> Assignment
Every line of the records below from the line with "На дорожный транспорт, по" up to and including the line with "鹿児島イエスランド加世田店 過去の取材結果はこちら 取材日" must be reproduced exactly, and no line outside that range.

> Records for processing
────────────────────────────────────────

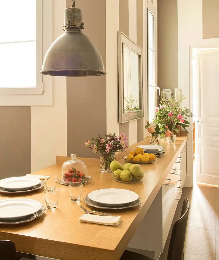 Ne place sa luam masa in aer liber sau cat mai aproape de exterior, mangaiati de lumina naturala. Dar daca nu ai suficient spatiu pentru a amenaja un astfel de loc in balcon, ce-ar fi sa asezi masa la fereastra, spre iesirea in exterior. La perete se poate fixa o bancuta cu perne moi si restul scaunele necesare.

────────────────────────────────────────

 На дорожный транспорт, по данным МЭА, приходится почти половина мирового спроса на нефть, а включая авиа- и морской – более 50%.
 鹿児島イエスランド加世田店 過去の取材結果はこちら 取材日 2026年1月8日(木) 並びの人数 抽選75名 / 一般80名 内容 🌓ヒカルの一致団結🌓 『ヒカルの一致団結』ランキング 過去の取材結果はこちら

────────────────────────────────────────

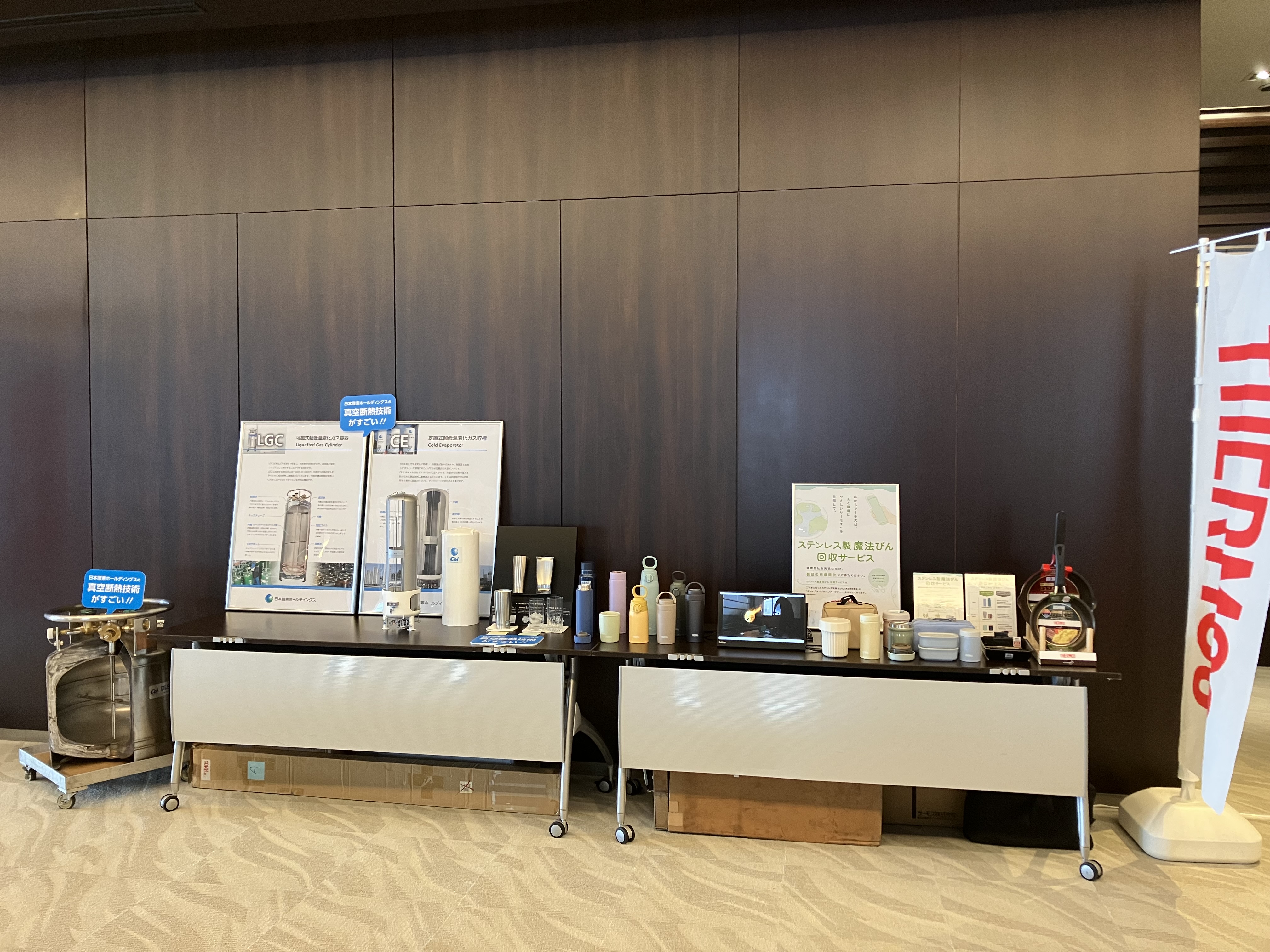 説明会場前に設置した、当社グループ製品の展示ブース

────────────────────────────────────────

> Written reply
 На дорожный транспорт, по данным МЭА, приходится почти половина мирового спроса на нефть, а включая авиа- и морской – более 50%.
 鹿児島イエスランド加世田店 過去の取材結果はこちら 取材日 2026年1月8日(木) 並びの人数 抽選75名 / 一般80名 内容 🌓ヒカルの一致団結🌓 『ヒカルの一致団結』ランキング 過去の取材結果はこちら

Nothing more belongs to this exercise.